LIBROS

Mario Levrero, el raro entre los raros del 'boom' latinoamericano: "Más que escritor, era alguien que salvaba su vida escribiendo"

Se publica la correspondencia que el escritor uruguayo dirigió a la que sería su esposa Alicia Hoppe, como una propuesta estrictamente literaria

"Cuando le conocí se sentía profundamente solo, vivía muy angustiado y siempre tuvo una enorme incapacidad para la vida práctica y sin embargo contaba con un gran carisma y un poderoso sentido del humor, un humor a veces muy negro", cuenta su viuda

Alicia Hoppe, viuda del escritor Mario Levrero, en el hotel Zenit de Barcelona. / JORDI OTIX

Un hombre abre la puerta de su casa a una mujer que le quiere vender algo, un líquido verde en una botellita. Entra. Tras ella aparecen y pasan a la estancia equilibristas, un payaso, un domador con su león y su tigre, la caballista de pie sobre un corcel e incluso un elefante. Todos hacen sus monerías circenses en el recibidor hasta que el hombre, harto de todo aquello, le dice a la mujer que se vaya, que no le interesa. Ella lo hace dócilmente y él le pregunta enfadado si se va a llevar todo aquello con ella. “No -acaba el cuento- esa gente no ha venido conmigo”. 

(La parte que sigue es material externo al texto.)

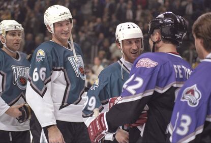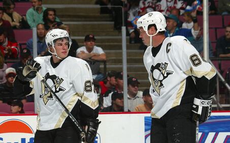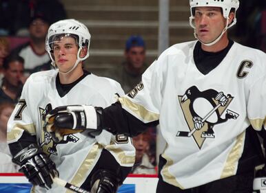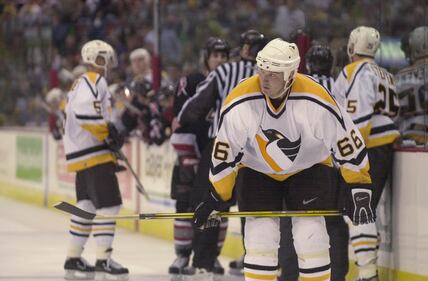 1996 46th NHL All-Star Game: Western Conference v Eastern Conference BOSTON, MA - JANUARY 20: Jaromir Jagr #68 and Mario Lemieux #66 both of the Eastern Conference and the Pittsburgh Penguins stand on the ice before the 1996 46th NHL All-Star Game against the Western Conference on January 20, 1996 at the FleetCenter in Boston, Massachusetts. The Eastern Conference defeated the Western Conference 5-4. (Photo by Doug Pensinger/Getty Images) (Doug Pensinger/Getty Images)
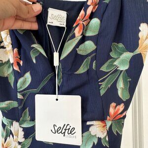 Selfie Leslie Imelda V neckline high low hem dress Floral print Navy blue SMALL

Alicia Hoppe, viuda del escritor Mario Levrero en el hotel Zenit de Barcelona. / JORDI OTIX

Quien escribió este relato es el uruguayo Mario Levrero (1940-2004), que cumplió gracias a una vida y a un carácter excéntrico todos los requisitos para convertirse en un autor de culto: vivió una vida más bien gris en Montevideo, donde nació y murió; apenas trabajó (si se entiende por trabajo eso que nos hace pagar la luz y el alquiler), y dedicó gran parte de su tiempo a leer novelas policiacas ínfimas, a la juerga canalla con los amigos (en su juventud), a levantarse a las dos de la tarde para desayunar e irse a dormir cuando la mayoría de la gente se levanta. Y naturalmente, a escribir obsesivamente “para salvar el alma”.

En su edad madura apenas salía de casa, fumando un cigarrillo tras otro, con su infaltable camiseta imperio. Reconcentrado en sus neurosis y sus fobias -miedo a golpearse con las esquinas de los muebles, no soportar el perfume de las mujeres, creer que el olor del papel viejo de las novelitas que devoraba creaba adicción-, se negaba a abrir la puerta de su domicilio si antes no se le había notificado previamente por teléfono. Es inevitable no pensar en el anterior relato, Ese líquido verde -se te puede meter en casa todo un circo-, para apreciar los miedos, no exentos de humor, que se agazapaban en su inconsciente. Y era lector de Kafka, por supuesto. 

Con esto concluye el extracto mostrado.